Segment Start: INFORMATION PROVIDED

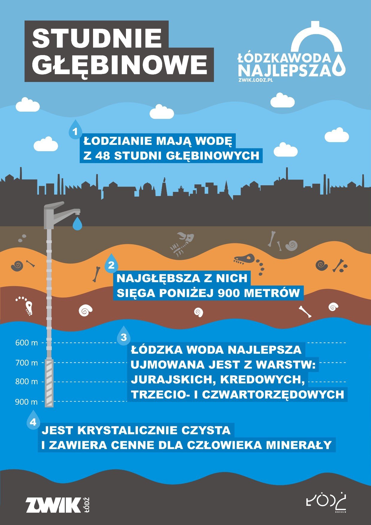Woda z najgłębszej łódzkiej studni trafia do zbiorników na Stokach, a stamtąd płynie do naszych domów. Pracownicy ZWIK dbają o stan techniczny ujęć głębinowych. Woda z nich jest systematycznie badana w laboratoriach. Przy użyciu kamery głębinowej monitorowany jest też stan techniczny otworów studziennych.
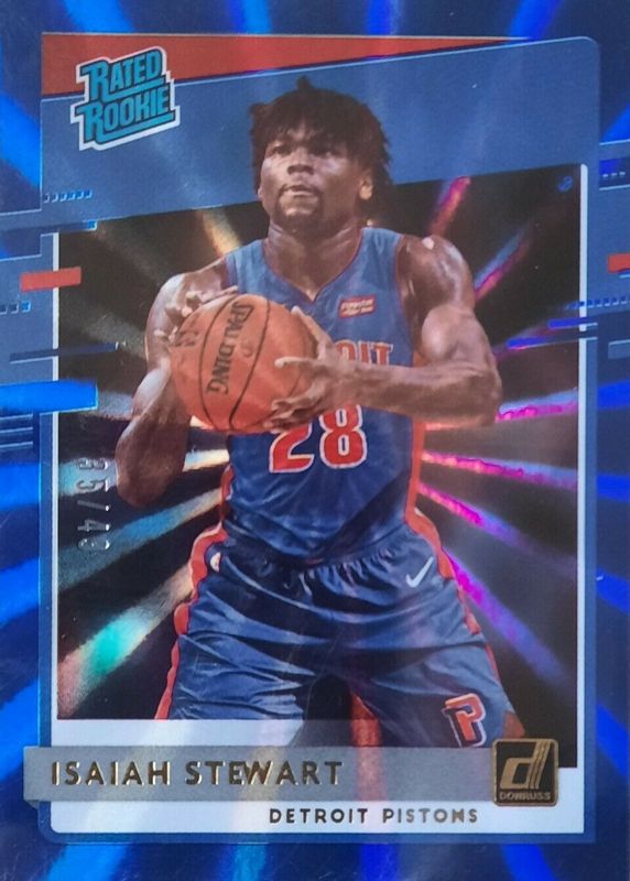 The Isaiah Stewart 2020 Donruss #233 Blue Laser /49 Rookie card in Raw condition has not changed in price in the last 30 days and was last sold for $5.99 .
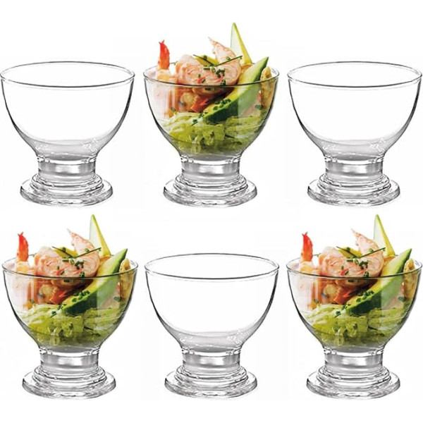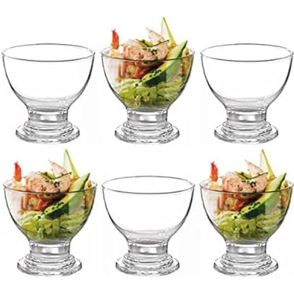 Set of 6 high quality glass bowls to display your sweet desserts. Ideal for serving ice cream, sundaes, fruit salad, appetizers, pudding and many other desserts. Size: 8.5 x 9 cm ELEGANT PRESENTATION - Uniquely styled dessert bowls ideal for presenting a range of desserts no matter the environment. A clean, modern glass structure with a stem base makes your dessert look classy and impress your guests. Ideal for parties, dinners, events and festive occasions. DURABLE GLASS STRUCTURE - Strong glass with a durable finish to keep these dessert bowls in clear condition even after numerous uses and repeated washing. With hygienic, non-porous and inere properties of glass, these bowls will keep your desserts always fresh, from eating to serving. SPACE SAVING STORAGE - In addition to the handy tool for serving delicious small foods and desserts, these dessert bowls are also easily stackable to ensure your cabinets stay neat and tidy. › See more product details

Segment End: INFORMATION PROVIDED

(ASSIGNED TASK):
Write the material above out again exactly as it reads, but don't carry over the pictures.

(SOLUTION FOR THIS TASK):
Woda z najgłębszej łódzkiej studni trafia do zbiorników na Stokach, a stamtąd płynie do naszych domów. Pracownicy ZWIK dbają o stan techniczny ujęć głębinowych. Woda z nich jest systematycznie badana w laboratoriach. Przy użyciu kamery głębinowej monitorowany jest też stan techniczny otworów studziennych.
 The Isaiah Stewart 2020 Donruss #233 Blue Laser /49 Rookie card in Raw condition has not changed in price in the last 30 days and was last sold for $5.99 .
 Set of 6 high quality glass bowls to display your sweet desserts. Ideal for serving ice cream, sundaes, fruit salad, appetizers, pudding and many other desserts. Size: 8.5 x 9 cm ELEGANT PRESENTATION - Uniquely styled dessert bowls ideal for presenting a range of desserts no matter the environment. A clean, modern glass structure with a stem base makes your dessert look classy and impress your guests. Ideal for parties, dinners, events and festive occasions. DURABLE GLASS STRUCTURE - Strong glass with a durable finish to keep these dessert bowls in clear condition even after numerous uses and repeated washing. With hygienic, non-porous and inere properties of glass, these bowls will keep your desserts always fresh, from eating to serving. SPACE SAVING STORAGE - In addition to the handy tool for serving delicious small foods and desserts, these dessert bowls are also easily stackable to ensure your cabinets stay neat and tidy. › See more product details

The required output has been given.